A different form of enlightenment regarding the cultural diversity of Islam is represented by another of his projects in Münster. Bauer and his team are working on an edition of the work of the popular Mamluk-period poet Ibrahim al-Mi‘mar (d. 1348). His Diwan, a collection of highly erotic, sensual poems bursting with life, is completely unknown today even in Arabic regions and, in Bauer’s opinion, could not “appear in a single country there, with the possible exception of Tunisia.” The edition consists of a textual-critical comparison of the surviving manuscripts and a commentary.
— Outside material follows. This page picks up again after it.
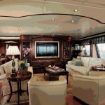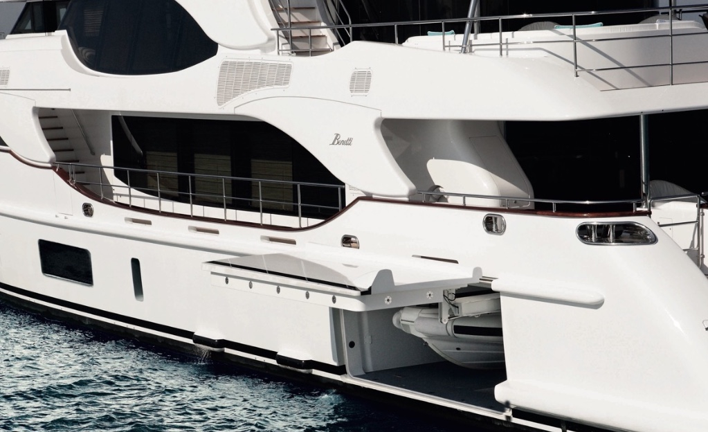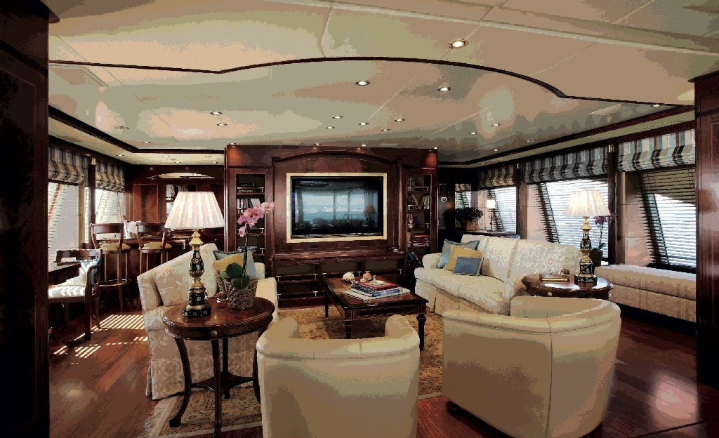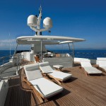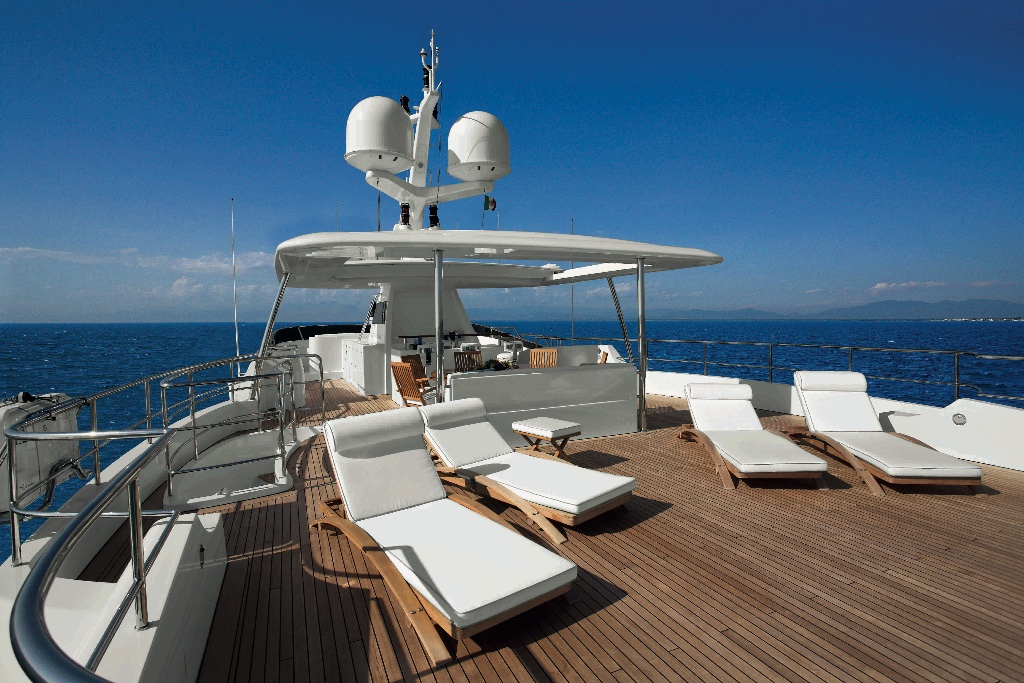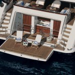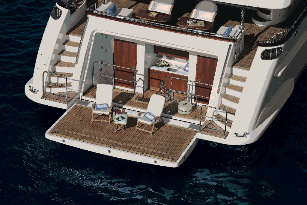 Negli interni si ritrovano le ragioni fondamentali del suo nome: una ridistribuzione degli spazi che sfrutta tutto il volume della carena e un’attenzione particolare alla luce grazie alle nuove finestrature oscura letteralmente concorrenza e passato. Quattro ponti abitabili, con ampie zone conviviali protette dalla massima privacy. Tra le principali novità, l’area di poppa presenta una riorganizzazione peculiare: il consueto garage per tender, moto d’acqua e le altre attrezzature è stato spostato avanti verso prua con una apertura laterale sul fianco consentendo così di dedicare tutta l’area di poppa a una beach area libera da tutte le attrezzature meccaniche e allestita con doccia, bagno, frigo, cucina, poltrone.

Bauer also follows current social developments passionately. One of his diagnoses is that there has been an increasing loss of tolerance of ambiguity in all realms of life – up to and including art. The reproach that scholars in the humanities have abandoned their former function of “public intellectuals” rankles him. And he is therefore all the more committed to working with the Cluster of Excellence to communicate about scholarship in the humanities. Wherever the opportunity presents itself, he shares his expertise. And word has long since spread in university and media contexts that Thomas Bauer has something to say – and he says it clearly, comprehensibly, and with humour.